Coyne vs. Wright, Reader’s Digest version

September 24, 2009 • 2:15 pm

As I promised a while back, I  provided a long answer to Robert Wright, who criticized me on his website for supposedly misrepresenting his views in my review of his book, The Evolution of God, in The New Republic.

A much shorter give-and-take has just been published in The New Republic itself, which you can find here (n.b.: there are two pages).  Note that Wright threatens further “corrective comment,” but I am done.

13 thoughts on “Coyne vs. Wright, Reader’s Digest version

  1. I can’t judge the comments there very well, having not read Wright’s book.

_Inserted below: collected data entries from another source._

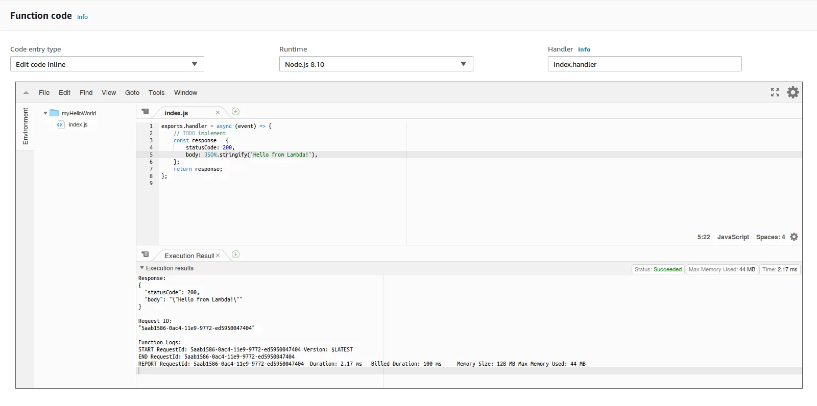 The language in which the function will be written. In our case, it will be Node.js 8.10.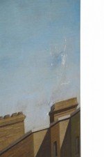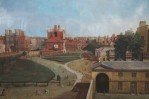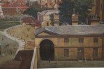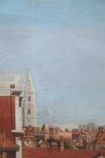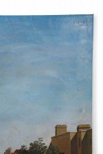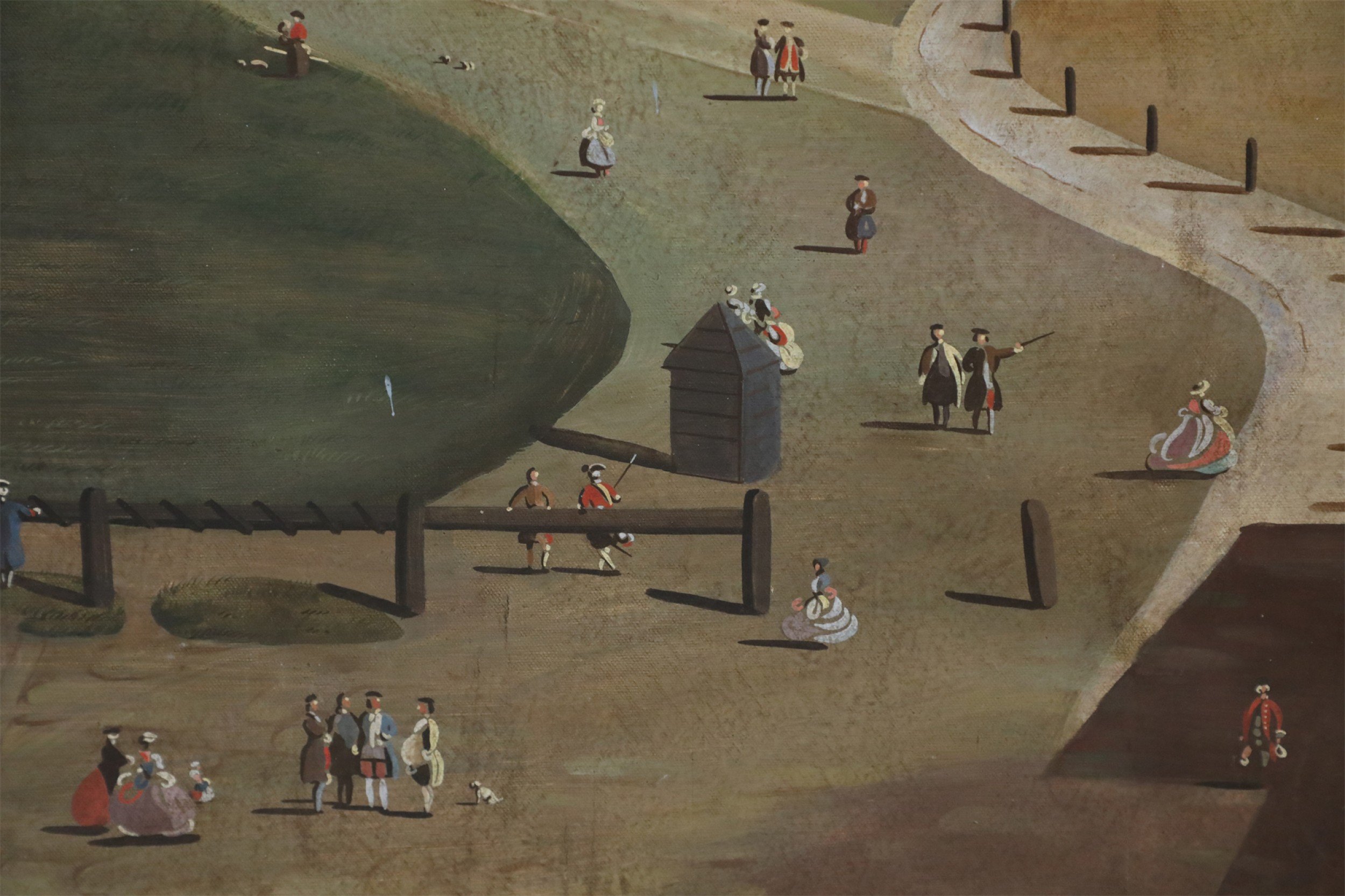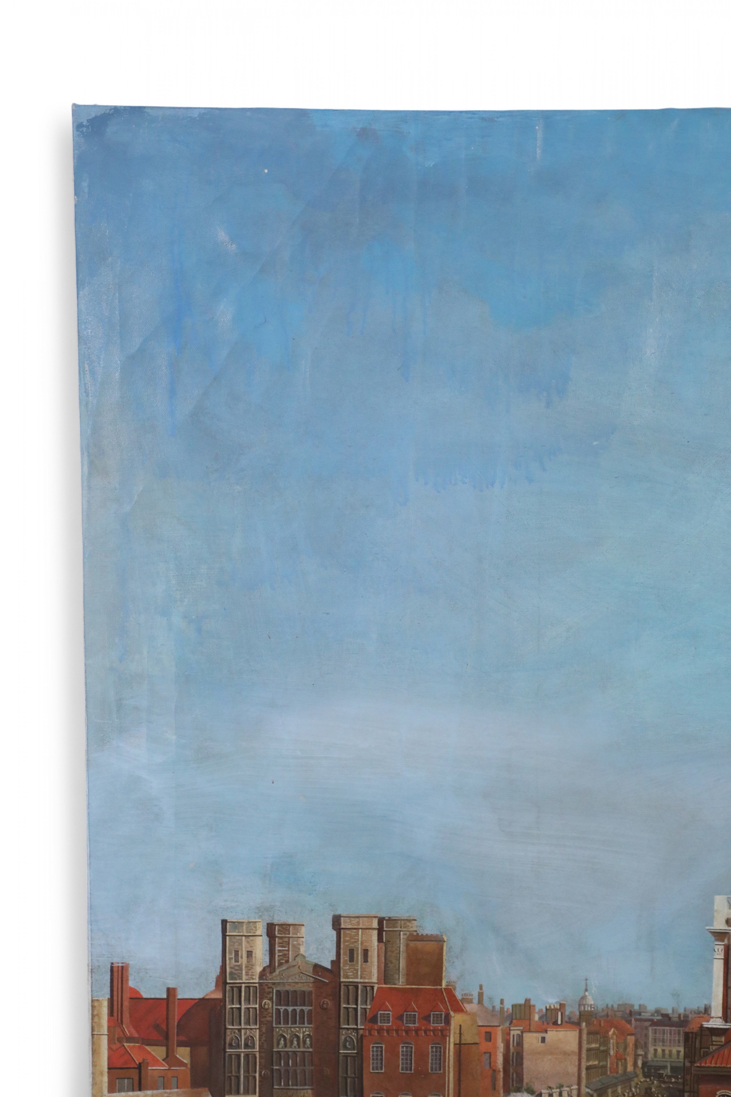 English Victorian style (20th Century) painting of an 18th century town square captured from above, depicting figures moving throughout, greenery and lanes in the center, and buildings far into the distance, under a large light blue sky. Painted on unframed, rectangular canvas.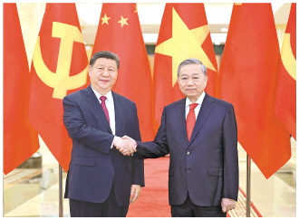 苏林热烈欢迎习近平总书记、国家主席在两国建交75周年之际对越南进行国事访问。苏林表示,习近平总书记是中国人民的杰出领袖,也是越南人民的伟大朋友。习近平总书记今年首次出访就到越南,充分体现了对越中关系的重视和对越南的支持。此访必将成为两党两国友好交往史上新的里程碑,推动两国具有战略意义的命运共同体建设取得新的进展。 苏林表示,在习近平总书记坚强领导下,中国特色社会主义事业取得历史性成就,中国式现代化全面推进,新质生产力快速发展,中国的国际地位不断提高,越方对此表示衷心祝贺,感谢中方长期以来对越南的大力支持和帮助。 苏林表示,越南和中国都是共产党领导的社会主义国家,发展对华关系是越南的客观要求、战略选择和头等优先。越方坚定奉行一个中国政策,支持中国实现统一大业,坚决反对任何“台独”分裂行径。推动越中关系不断发展符合两国人民根本利益,符合时代潮流。越方期待同中方密切两党两国高层交往,加强治国理政经验交流,增进战略安全协作,不断巩固政治互信;提升双边合作水平,打造更多经贸、科技、基础设施、环保等领域合作亮点;促进人文交流,推动地方、青年交往,加强旅游合作,增进人民相知相亲。越方支持习近平总书记提出的人类命运共同体理念和三大全球倡议,高度赞赏中共中央周边工作会议确定同周边国家建设“五大家园”愿景和坚持睦邻安邻富邻方针。越方愿同中方加强协调和配合,坚持多边主义,坚守和平共处五项原则,维护国际贸易规则,遵守双方签署的协议,共同为促进世界和平和人类进步作出更大贡献。越方愿与中方妥处海上分歧,维护海上稳定。 会谈前,苏林邀请习近平进行小范围茶叙。两党总书记就治党治国理念进行交流。习近平指出,党的建设关系党和国家前途命运,党的作风关系人心向背。中共中央决定今年在全党开展深入贯彻中央八项规定精神学习教育,以作风建设新成效为进一步全面深化改革、推进中国式现代化提供有力保障。两党总书记一致同意加强交流互鉴,共同走好社会主义道路。 会谈后,两党总书记共同见证中越双方签署的45份双边合作文本展示,涵盖互联互通、人工智能、海关检验检疫、农产品贸易、文化和体育、民生、人力资源开发、媒体等领域。 双方发表《中华人民共和国和越南社会主义共和国关于持续深化全面战略合作伙伴关系、加快构建具有战略意义的中越命运共同体的联合声明》。 当晚,越共中央总书记苏林、越南国家主席梁强共同为习近平举行欢迎宴会。越共中央政治局委员、书记处书记等领导同志全体陪同出席。 蔡奇、王毅、王小洪等参加上述活动。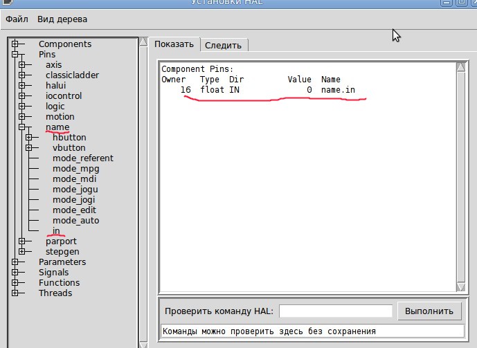 теперь наша группа "name" должна появиться в halshow ,а в ней наш пин "in"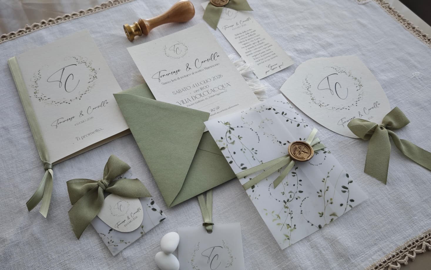 Perfetto per nozze dallo stile classico, romantico o shabby chic, questo invito trasmette un’eleganza sobria e senza tempo. Ogni dettaglio, dal sigillo in ceralacca ai nastri in tessuto pregiato, è curato con attenzione per rendere unico il vostro annuncio d’amore.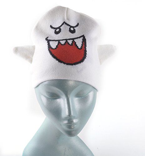 Boo Nintendo Super Mario Brothers Beanie Hat Boo! Beanie makes a great gift for all lovers of Nintendo's awesome Super Mario games series Super Mario knitted ghost beanie features cute ghost face and knitted 'arms' Boo! Ghosts appear in all of the Super Mario versions - they may be enemies but they're pretty cute Knitted beanie is 100% acrylic & fits most large kids or adult heads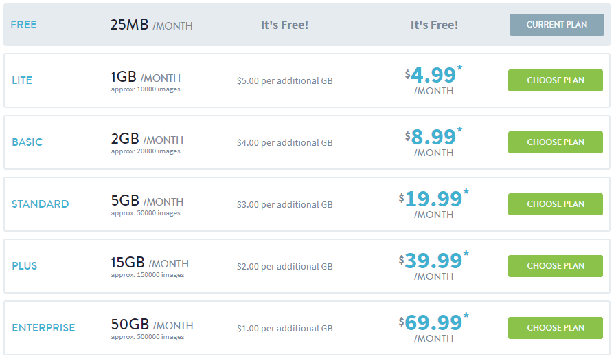 Проблема в том, что . Разработчики дают 25 МБ для оптимизации картинок, после чего нужно выбирать тарифный план. Примеры тарифов, как всегда, на скриншоте ниже.
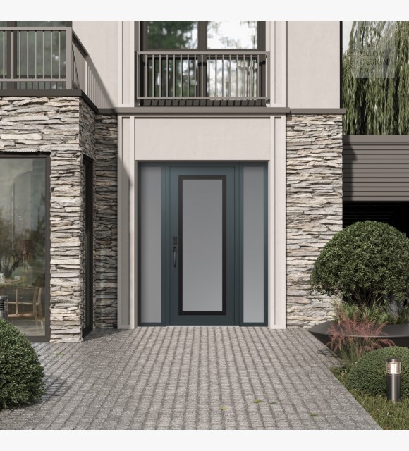 Modern Steel Front Door Diamond C1 68" x 80" anthracite/anthracite frosted Glass Panel black RHI with 2 Sidelites frosted Glass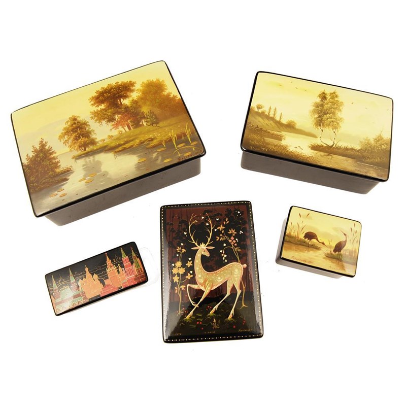 Five Russian lacquer boxes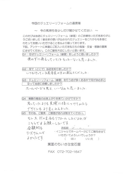 もし又、別の宝石もリフォームしたくなれば、こちらでお願いしたいです。金額的にもリーズナブルでよかったです。

    Wright seems obtuse, however, when he tries to argue against Coyne’s point that Muslims believe salvation is through the Muslims’ god through Muhammed’s statement that their god is the same as the Jewish and Christian one. Considering that there is no observable entity corresponding to the god proclaimed in Judaism, Islam, and Xianity, it is thereby an infinitely malleable concept, and each religion considers its conception of said “god” to be superior to the others.

    Even within Xianity one not infrequently hears about the “Protestant god” or the like, for even the believers recognize that the “what” of their god differs from sect to sect, and from person to person.

    Cheap shot from Wright in that instance.

    Glen Davidson

    1. In my World Religions class I’m constantly reminding students that, say, Catholics and Jehovah’s Witnesses are Christians. Of course, when they say “Catholics and Christians,” what they really mean is “Catholics and Protestant Christians.” The distinction between the two is very real to them.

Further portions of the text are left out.